Fig. 8 shows the measured melt pool width and penetration for the specimens 1–9 built at different locations of the building platform. Penetration and weld width remains relatively constant for nominal gas flow velocities between 4.0 m/s and 2.5 m/s, but once reduced to 2.0 m/s and below, the penetration sharply decreases and the weld width increases. It is important to notice that the melt pool geometry and the specimen location seem uncorrelated, as the deviations within a specimen (indicated by the error bars) are larger than any deviations between the locations on the platform.

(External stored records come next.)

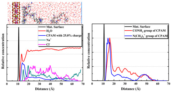 Figure 13 and Figure 14 present the simulation results of the CPAM system. Contrary to APAM, CPAM shows a good adsorption performance on the montmorillonite surface. However, the configuration of the adsorption layer changes with the variation of the polymer ionicity. Moreover, CPAM is concentrated at 3 Å from the surface of the montmorillonite. Regarding the 12.5% ionicity, a tight adsorption layer of the CPAM is formed. When the ionicity increases to 35%, the wide distribution peak of the CPAM indicates that the adsorption layer is relatively thick and loose. This is because of the increase in the number of ionicity functional groups. This leads to an increase in the intermolecular and intramolecular repulsion forces.
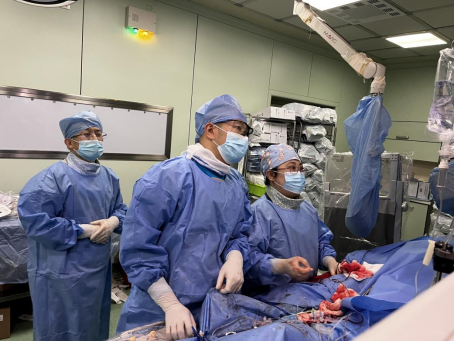 候静波教授(右)和刘慧敏副主任医师(左1)、陈涛副主任医师(左2)进行零造影剂支架植入手术
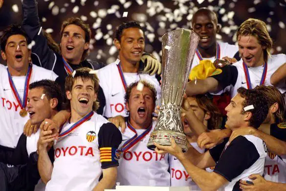 There was still one more hurdle left for the team; the UEFA Cup final against Marseille. Marseille had dropped out of the Champions League group consisting of Real Madrid and eventual winners Porto. In their UEFA Cup run, they had taken out Liverpool, Inter and Newcastle United with Didier Drogba proving to be a handful. In that final, they lined up in a 4-4-2, with Vicente and Rufete given the license to be devastating in the channels. The double-pivot of Baraja and Albelda held their own in the middle while Angulo and Mista played off each other upfront. In defence, the reliable back four of Carboni, Ayala, Marchena and Curro Torres were expected to deal with Marseille’s attacking threat, with Ayala and Marchena there to handle Drogba. In goal was Cañizares. The first half saw a balanced game with Valencia having it better in the final third. Just before half-time, Fabien Barthez took down Mista and got a red card. Jérémy Gavanon came on but could not stop Vicente’s expertly taken penalty. As Marseille tried to get into the game in the second half, Vicente laid on a brilliant pass to Mista to score just before the hour mark and send Valencia fans into raptures. Marseille still had thirty minutes to find two goals but it was not to be. Valencia held on to claim a famous doblete, the first in their history. A season that had started so horribly became the most memorable in their history!
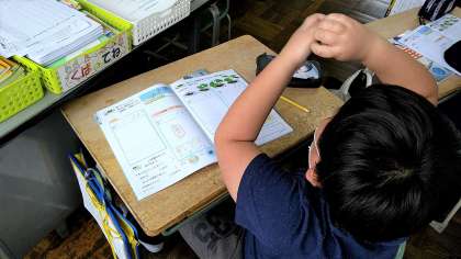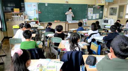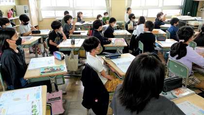 先生が用意した牛乳パックにツルレイシの種をまきました。さあ、芽は出てくるかな?
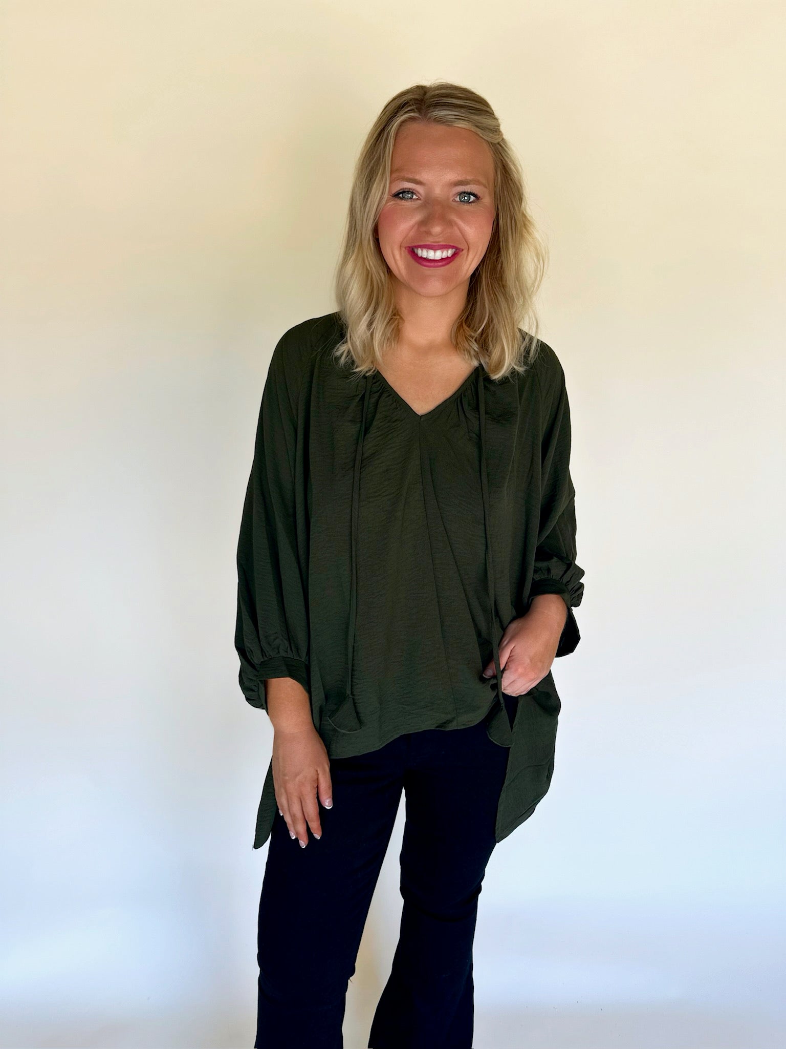Embrace effortless charm with the Galyn Handkerchief Hem Blouse. Featuring a playful handkerchief hem and breezy 3/4" lantern sleeves, this poncho-style top adds whimsical movement to your look. Perfect for layering or wearing solo, it’s a fun way to brighten your everyday wardrobe.

3.3 Effect of nominal gas flow velocity on melt pool geometry Fig. 9 shows the penetration as measured from the single scan tracks as a function of nominal gas flow velocity. The penetration remains relatively constant for gas flow velocities between 4.0 and 2.5 m/s, but once reduced to 2.0 m/s and below, the penetration sharply decreases. The higher the energy density, the more severe the loss of penetration once the gas flow is reduced below 2.0 m/s. At the highest line energy of 0.5 J/mm, the penetration at 4 m/s gas flow conditions is around 300 µm, reducing to below 50 µm at 1 m/s gas flow velocity. The decrease in penetration as gas flow is reduced to 2.0 m/s and below is clearly observed for specimens with energy densities in the keyhole regime and for specimens in the transition regime with energy densities above 0.2 J/mm. This is illustrated in Fig. 10 (a–f) for keyhole mode melting, where the penetration decreases sharply at 2.0 m/s as the keyhole is lost. For conduction mode melting, shown in
Fig. 10 (g–l), the effect on penetration is not seen as there is no keyhole to be lost. One can also notice that the microstructure is completely different between high and low gas flow conditions in Fig. 10 (a–f), which could lead to different mechanical properties. Detailed study of the microstructure is however out of the scope of this study.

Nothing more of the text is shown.